The prime spectrum of a jacobson ring

Main results

• PrimeSpectrum.exists_isClosed_singleton_of_isJacobson: The spectrum of a jacobson ring is a jacobson space.
• PrimeSpectrum.isOpen_singleton_tfae_of_isNoetherian_of_isJacobson: If R is both noetherian and jacobson, then the following are equivalent for x : Spec R:
  1. {x} is open (i.e. x is an isolated point)
  2. {x} is clopen
  3. {x} is both closed and stable under generalization (i.e. x is both a minimal prime and a maximal ideal)

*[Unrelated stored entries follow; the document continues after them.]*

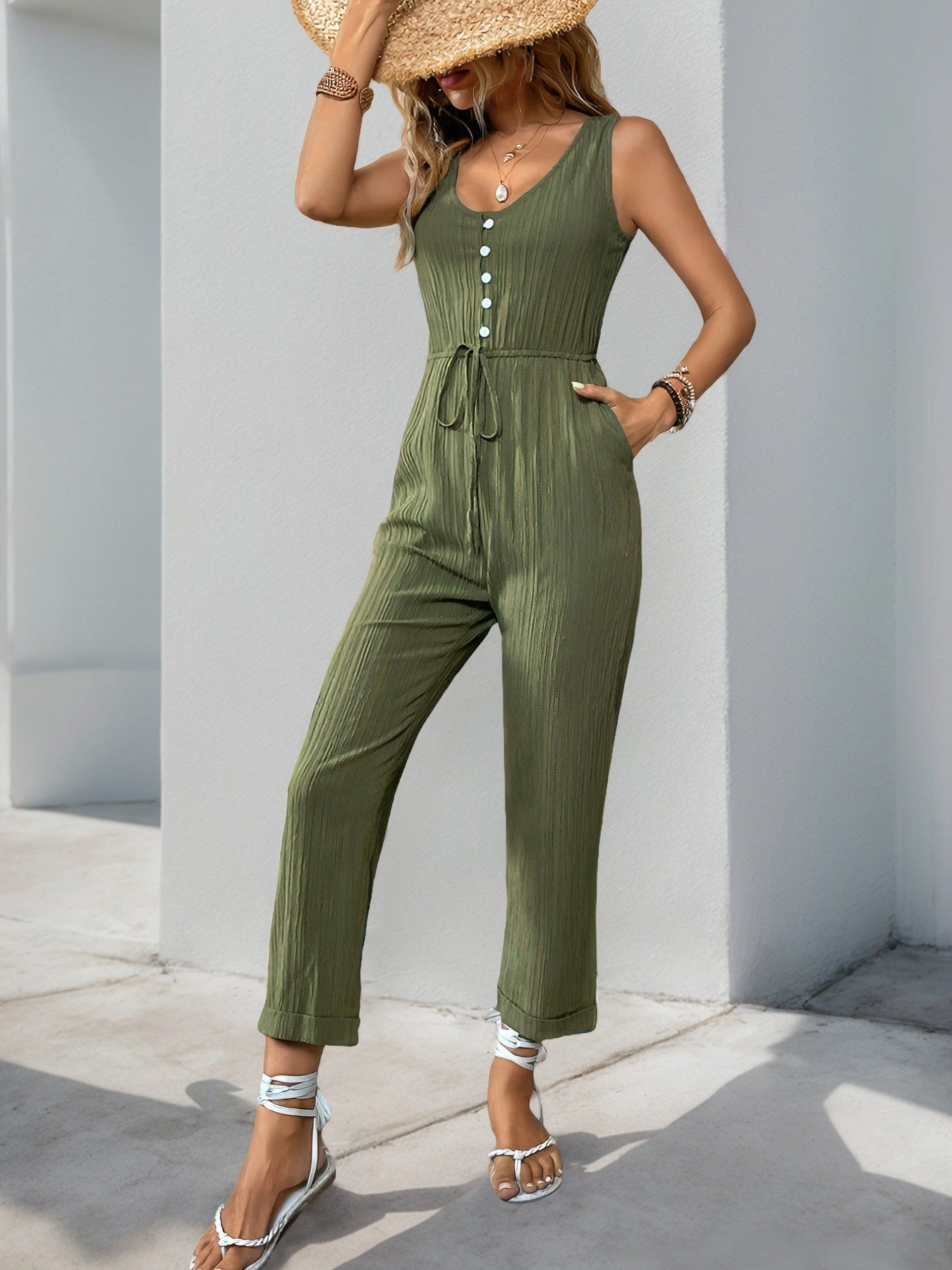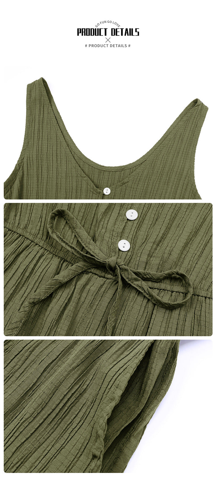 Step into effortless summer style with our Women's Casual Jumpsuit, perfectly designed for the middle-aged woman. Crafted from comfortable polyester broadcloth, this sleeveless, straight-leg jumpsuit offers a regular fit and a flattering high waist. Its inelastic, standard thickness ensures a smooth silhouette, while the chic lace-up decoration adds a touch of casual elegance. Available in versatile solid colors including Army Green, Khaki, Dark Gray, Black, and Dark Blue, this jumpsuit is your go-to for daily wear during the warmer months.
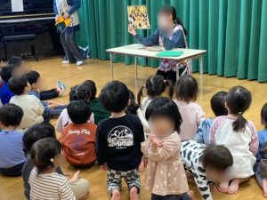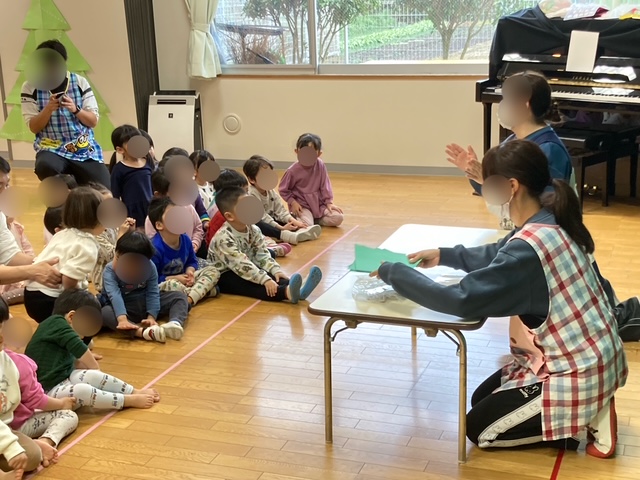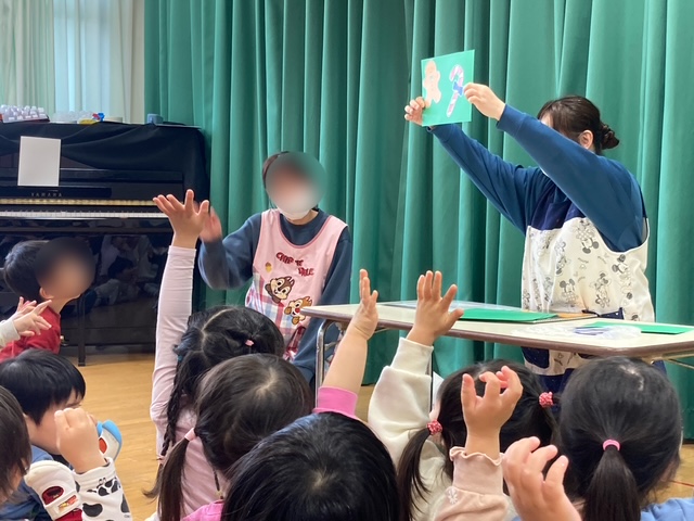 次にクリスマスツリーには何を飾る?クイズをしました。「お星様飾る!」と手を挙げたり「ケーキも飾りたいよね」と話していました。
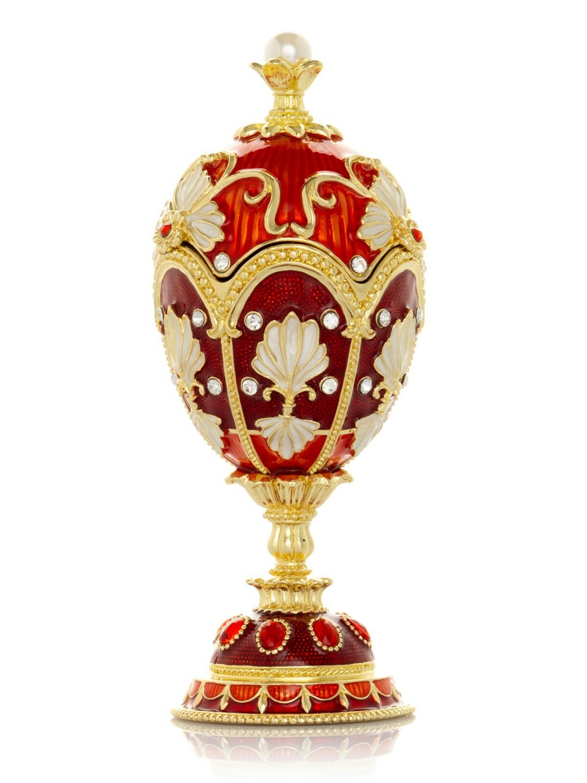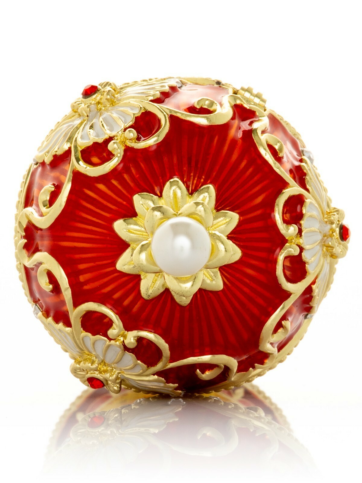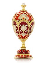 Keren Kopal Handmade Red flower music Egg Trinket Box with Austrian Crystals
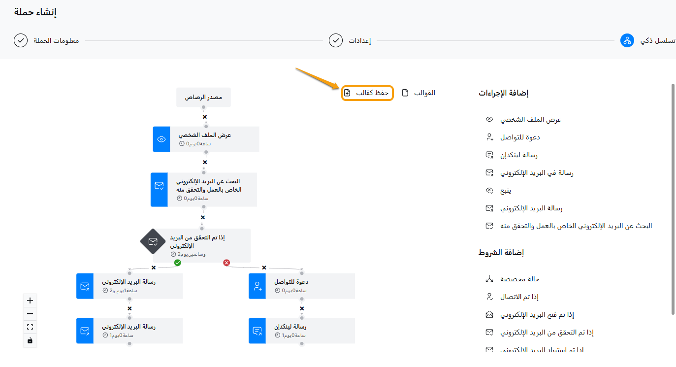 حفظ كقالب: اضغط على هذا إذا كنت تريد تحويل حملتك إلى قالب قابل لإعادة الاستخدام. إنه مثل الحفاظ على تحفتك الفنية لتتمكن من استخدامها مرارًا وتكرارًا! 🎨
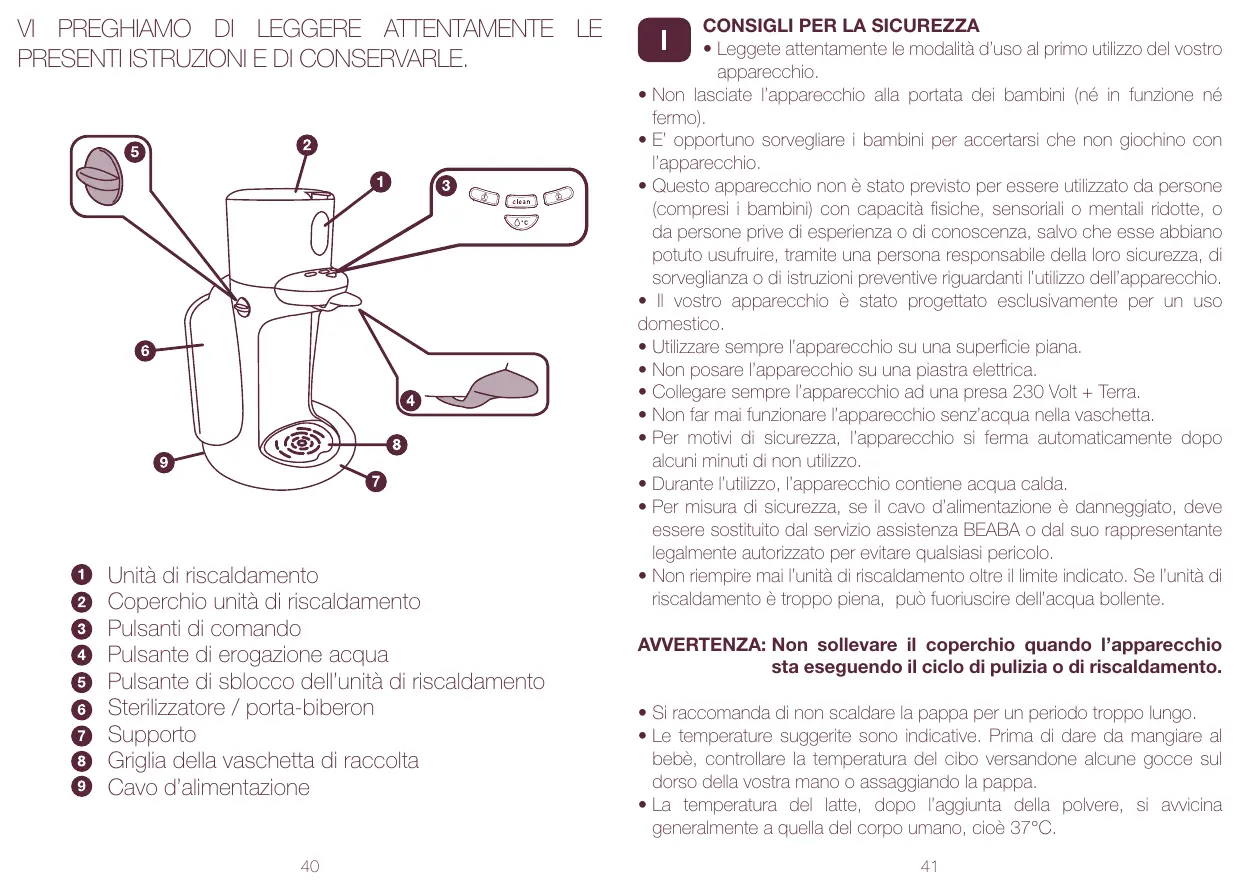 • Cet appareil n’est pas prévu pour être utilisé par des personnes (y compris les enfants) dont les capacités physiques, sensorielles ou mentales sont réduites, ou des personnes dénuées d’expérience ou de connaissance, sauf si elles ont pu bénéficier, par l’intermédiaire d’une personne responsable de leur sécurité, d’une surveillance ou d’instructions préalables concernant l’utilisation de l’appareil. • Votre appareil est conçu pour un usage exclusivement domestique. • Toujours utiliser l’appareil sur une surface plane. • Ne pas poser l’appareil sur une plaque électrique. • Toujours brancher l’appareil sur une prise 230 Volts + Terre. • Ne jamais faire fonctionner l’appareil sans eau dans la cuve. • Pour des raisons de sécurité, l’appareil s’arrête automatiquement après quelques minutes sans utilisation. • Par mesure de sécurité, si le câble d’alimentation est endommagé, il doit être remplacé par le service après-vente de Beaba ou de son représentant légal afin d’éviter un danger. • En utilisation, l’appareil contient de l’eau chaude. • Ne jamais remplir l’unité de chauffe au-delà de la limite indiquée. Si l’unité de chauffe est trop remplie, de l’eau bouillante peut être éjectée. MISE EN GARDE : Ne pas soulever le couvercle lorsque le produit est en cycle de nettoyage ou de chauffage. • Il est recommandé de ne pas chauffer la nourriture pendant une période trop longue. • Les températures indiquées sont indicatives. Avant de donner à manger à bébé, vérifier la température de l’aliment en versant quelques gouttes sur le dos de votre main ou en gouttant la nourriture. • La température du lait, après ajout de la poudre, avoisine généralement celle du corps humain, soit 37°C. 3
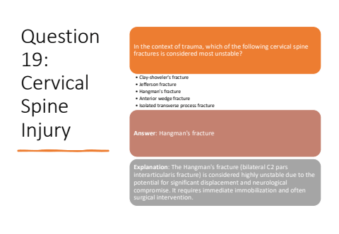 Question 19: Cervical Spine InjuryIn the context of trauma, which of the following cervical spine fractures is considered most unstable?%u2022 Clay-shoveler's fracture%u2022 Jefferson fracture%u2022 Hangman's fracture%u2022 Anterior wedge fracture%u2022 Isolated transverse process fractureAnswer: Hangman's fractureExplanation: The Hangman's fracture (bilateral C2 pars interarticularis fracture) is considered highly unstable due to the potential for significant displacement and neurological compromise. It requires immediate immobilization and often surgical intervention.
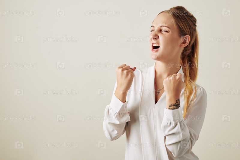 Женщина демонстрирует победоносный жест
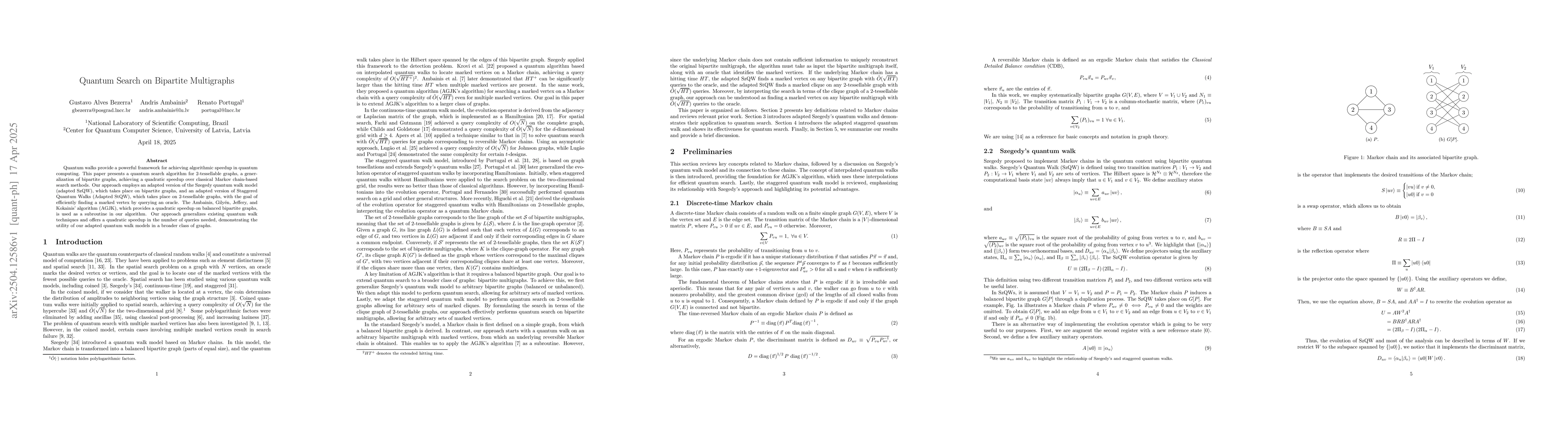 Researchers developed a quantum search algorithm for bipartite multigraphs, achieving a quadratic speedup over classical methods, showcasing the potential of adapted quantum walk models in a broader class of graphs.
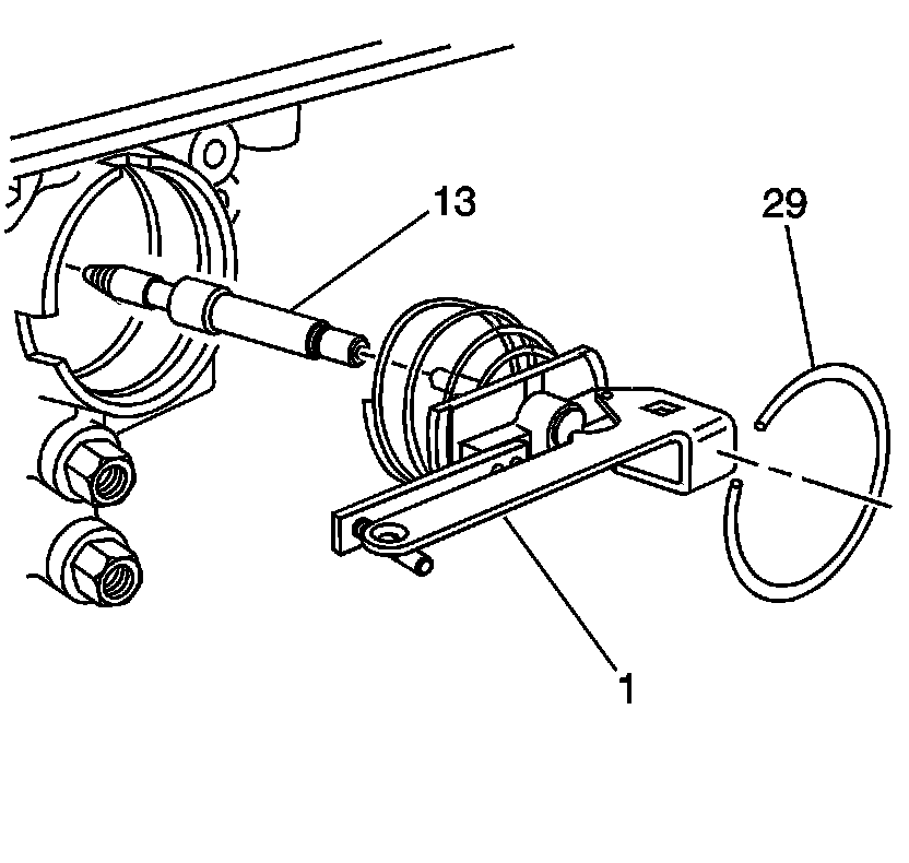 1. Disassemble the 2-4 servo assembly. Remove the apply pin retaining ring (24), the servo apply pin washer (23), the servo apply pin spring (22) and the 2nd apply piston pin (13).
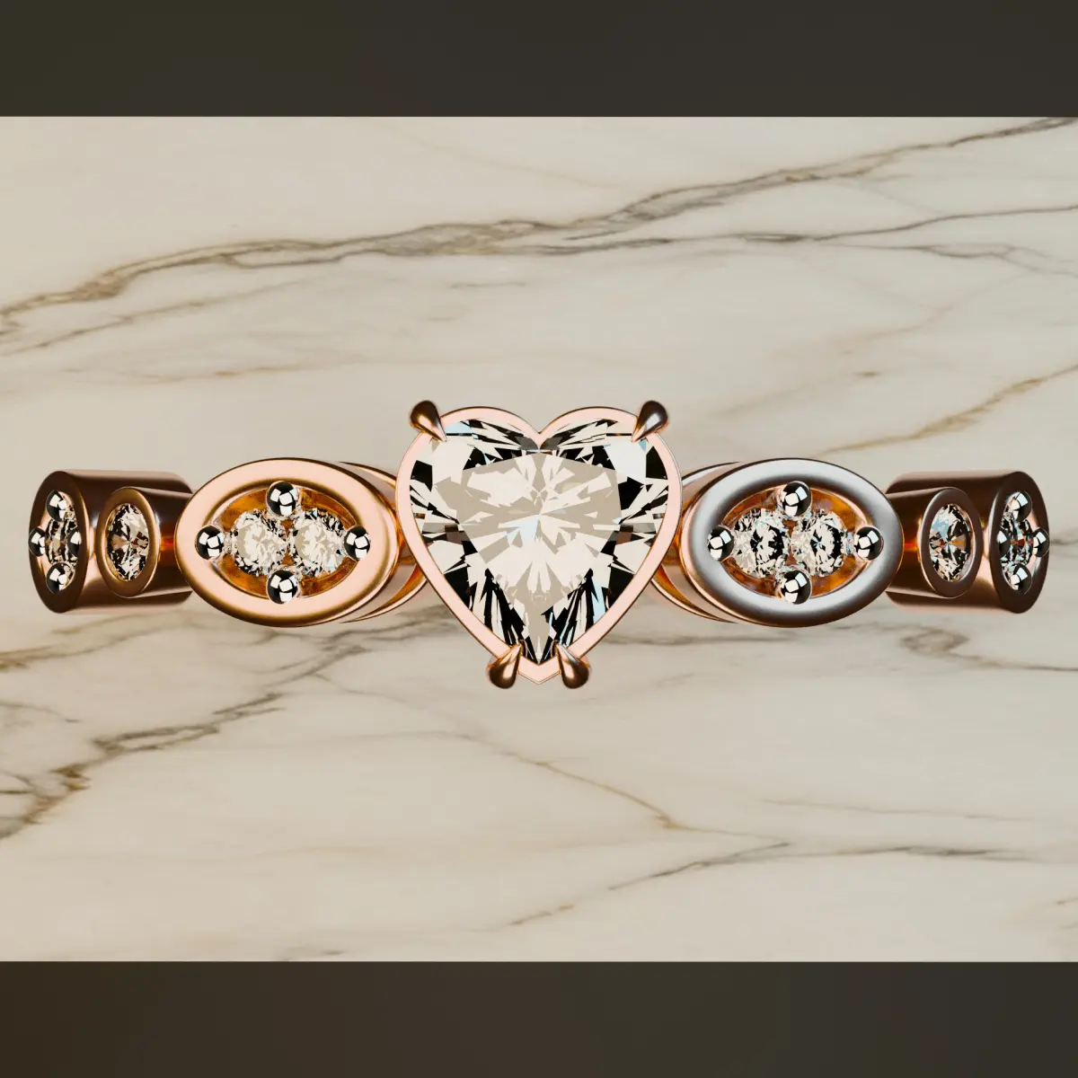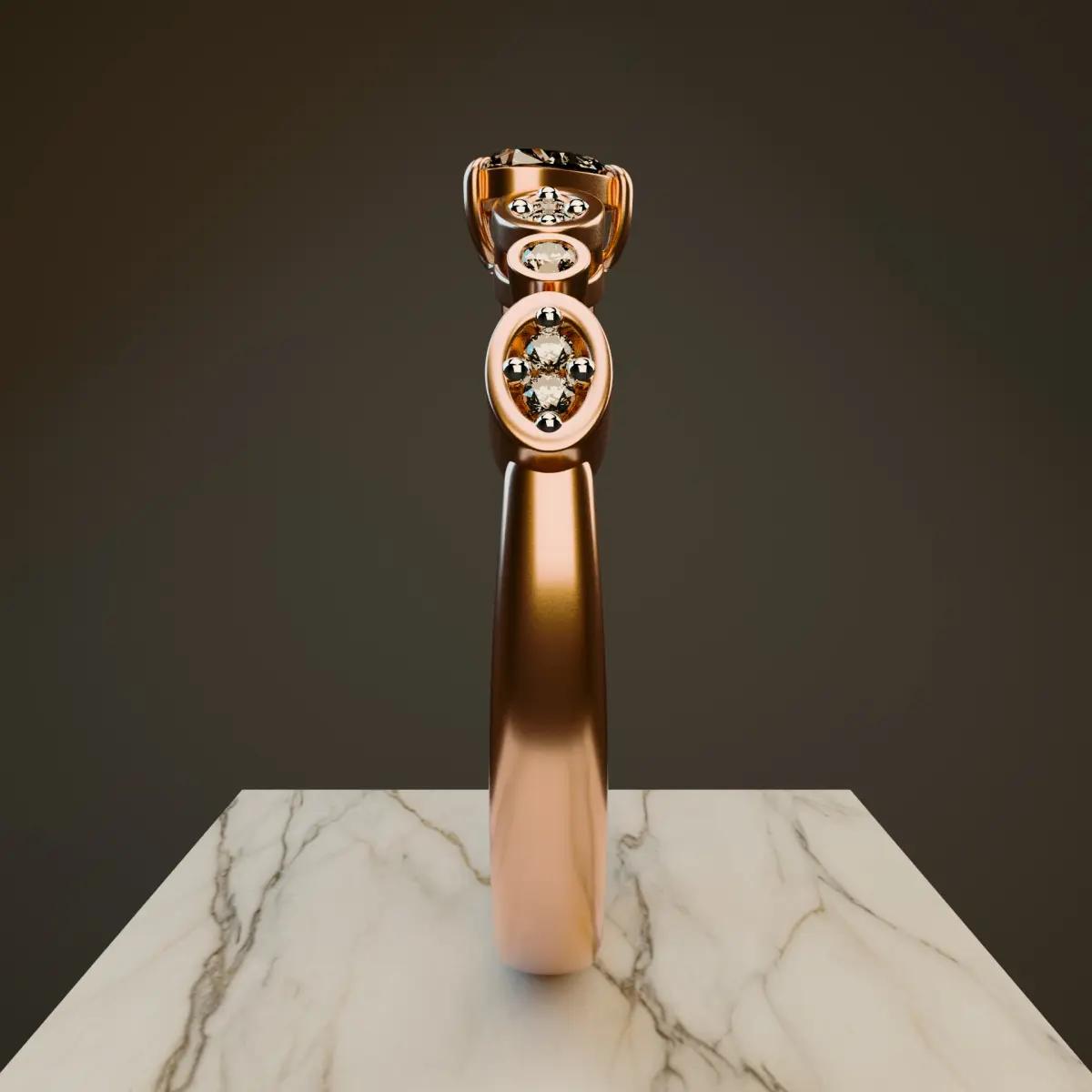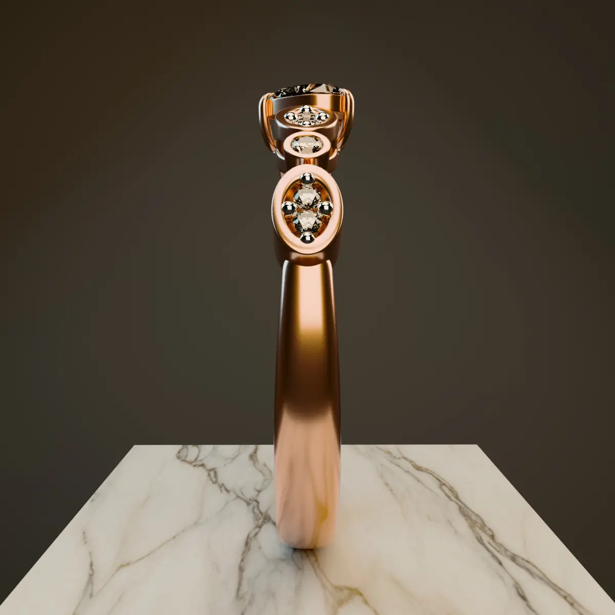 The ring features a polished rose gold band adorned with a symmetrical arrangement of oval and round gemstones, accurately placed in realistic prong and bezel settings. Crafted to mimic high-end fine jewelry, this model is optimized for close-up renders and supports both real-time and offline rendering pipelines.

theorem PrimeSpectrum.exists_isClosed_singleton_of_isJacobsonRing {R : Type u_1} [CommRing R] [IsJacobsonRing R] (s : Set (PrimeSpectrum R)) (hs : IsOpen s) (hs' : s.Nonempty) : ∃ x ∈ s, IsClosed {x}

theorem PrimeSpectrum.isOpen_singleton_tfae_of_isNoetherian_of_isJacobsonRing {R : Type u_1} [CommRing R] [IsJacobsonRing R] [IsNoetherianRing R] (x : PrimeSpectrum R) : [IsOpen {x}, IsClopen {x}, IsClosed {x} ∧ StableUnderGeneralization {x}].TFAE

If R is both noetherian and jacobson, then the following are equivalent for x : Spec R:

1. {x} is open (i.e. x is an isolated point)
2. {x} is clopen
3. {x} is both closed and stable under generalization (i.e. x is both a minimal prime and a maximal ideal)